Friday, Sept. 7, 2007 | Fall classes began last week for 35,000 students at San Diego State University. And as those students returned to classes, they returned to a roiling debate over their place as tenants in the neighborhood.
The fight continues for scores of university neighborhood residents and activists rallying against what they call mini-dorms — usually houses holding a half-dozen to 10 students and their accompanying noise, trash and cars.
“It’s probably more of the same,” said Alice Buck, director of a redevelopment project committee in the area. “The parties really do a spike this week. And with the heat, they have all their windows open, [the neighbors] are really attuned to it.”
As the school year heats up, university officials and students, lawmakers and the mini-dorm fighters are back on the ground in a battle that intensified in the summer. The debate re-entered the public consciousness in fall 2006 after reaching a fever pitch.
A law enforcement project to fine tenants and owners for noise and behavior offenses (out-of-control parties) has been picking up steam since it was implemented in April, with police issuing $1,000 administrative citations to at least 55 people in 22 properties since then. Chronic party houses have been banned from throwing parties. In July, the City Council passed a number of measures related to parking, the number of bedrooms and driveway widths designed to limit the development of mini-dorms.
SDSU has announced additions to its master plan that would add nearly 3,000 beds to its on-campus housing stock, nearly doubling the current number. That would corral a sizable herd of students out of surrounding neighborhoods and into on-campus housing, where many residents want them.
And the Planning Commission voted Thursday to recommend the City Council approve two amendments to the city code that target the phenomenon. Residents of the SDSU neighborhoods came to speak in favor of the stricter regulations. Those amendments will now move to the City Council for debate.
But obstacles persist for opponents of the controversial housing arrangements. Even those proposals hold some loopholes because of state and federal law that prohibits regulating houses occupied by renters differently than owner-occupied units, and because the city would need to hire more enforcement officers to keep the houses in check at a time when tight budgets mean job losses for many city staff.
And beyond logistics, mini-dorms have some residents so worked up it threatens the idea that they’ll ever be happy to live in the same place where young people live.
“Of course, we all know it’s not just State kids,” said Mitch Younker of El Cerrito. “It’s people partying in the State area. We’ve seen a real focus on the issue at the city level, but more residential homes have been developed (into mini-dorms).”
Some College Area residents have decried a proposed student apartment development on El Cajon Boulevard that would add beds for 900 to 1,000 students because of its proximity to established neighborhoods.

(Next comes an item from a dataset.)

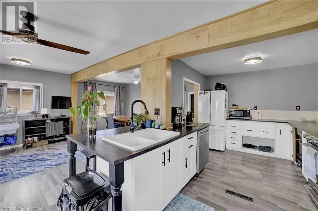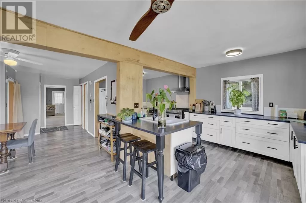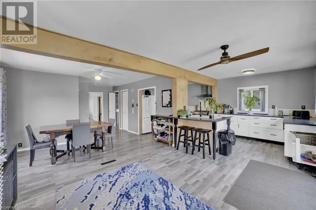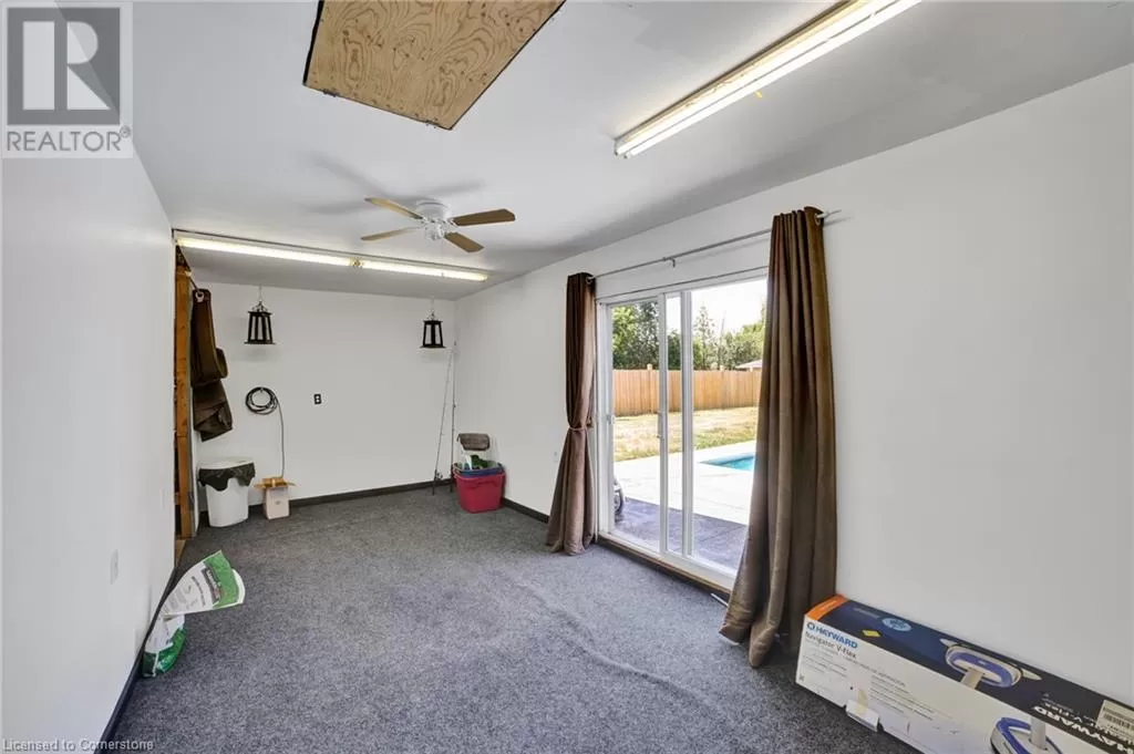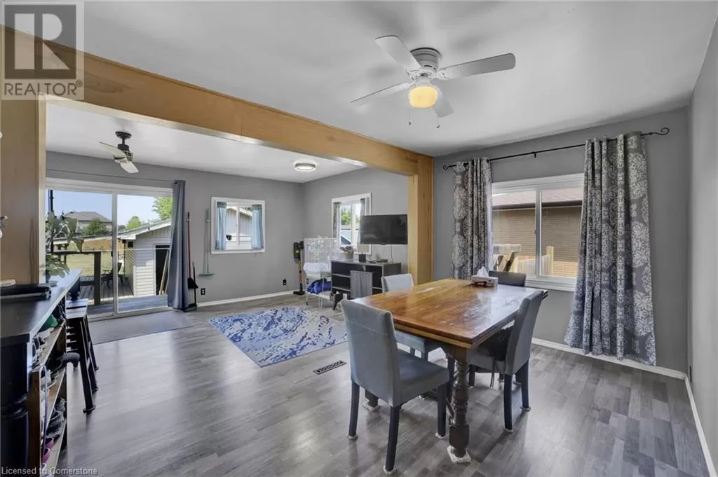 Hwy 8 & Worsley St Spacious Lot, In-Ground Pool, In-Law Potential â A Must-See in Stoney Creek! Welcome to this charming and versatile home situated on an impressive 213 ft deep lot, offering exceptional outdoor space and endless possibilities. Whether you're looking to entertain, relax, or expand, this property has it all. Step inside to a thoughtfully laid-out main floor featuring a large kitchen, dining room, and living areaâperfect for entertaining family and friends or enjoying cozy nights in. The home features three spacious bedrooms, including a convenient main floor primary bedroom and two additional bedrooms on the upper level. With two full bathrooms comfort and flexibility are built in. A separate side entrance to the basement creates a perfect opportunity for a future in-law suite or income potential. Outside, enjoy summer days in the in-ground pool, complete with a natural gas heater for extended seasonal use. The oversized detached 2-car garage offers plenty of room for parking, storage, or use as a workshop or hobby space, and two additional sheds provide even more storage options. Located just minutes from downtown Stoney Creek, this home is close to schools, shopping, highways, and a variety of other amenitiesâoffering both tranquility and convenience. (id:27476)

But that concern unfairly transfers the mini-dorm frustration to the new project, said Scott Maloni, spokesman for developer JPI.
“There’s not enough attractive and professionally managed places for students to live,” Maloni said. “They’re not obligated to live on campus.”
The project would extend leases on individual bedrooms to students after they sign behavior agreements, and would have professional management and student resident advisors, a sort of private dorm. He said the company plans to present the project at various community council functions before it approaches the city planners.
“There’s a great deal of misinformation out there,” he said. “But there’s definitely a cross-section of the community that will never be satisfied with its relationship with San Diego State.”
Tom Hanscom, director of media relations for SDSU, said the school’s planned on-campus housing addition will only make sense when students want to live there. The current on-campus housing stock absorbed every student who wanted to live there except about 100 this semester, Hanscom said. School officials helped place those students in off-campus rooms — not in mini-dorms, he emphasized — in the surrounding area.
“We’re considering that you cannot force students to live on campus,” he said.
At the Planning Commission meeting Thursday, planners from the city’s Development Services Department proposed mandating a revocable permit for high-occupancy houses, those housing six or more adults. The permit would cost homeowners about $1,000 annually, and would, among other considerations, tighten parking requirements even more. Possible exceptions would apply for adults without vehicles or driver’s licenses.
The City Attorney’s Office presented plans for a rooming house ordinance that seeks to stop homes from being rented as rooming houses in “residential-single” or, commonly, single-family zones citywide. The ordinance would label homes with at least three bedrooms and three separate leases as commercial enterprises and restrict them to neighborhoods used for multiple uses. If the ordinance is approved, the City Attorney’s Office said the existing mini-dorms that are in single-family zones would have seven years to be phased out.
“It’s just more tools in the toolbox to protect the quality of life” in the single-family neighborhoods, said the deputy city attorney who drafted the ordinance, Marianne Greene.
Amanda Lee, the city planner in charge of the ordinance, said one of the biggest concerns is the addition of staff to cover the enforcement of the ordinances, should the City Council vote to implement them.
“We’re moving away from enforcing measurable codes and putting staff in the position of tracking the number of people in the house, the vehicles, the lease agreements,” she said.
“Certainly, it’ll be difficult to enforce, but I think the residents were appreciative of this step forward with solutions.”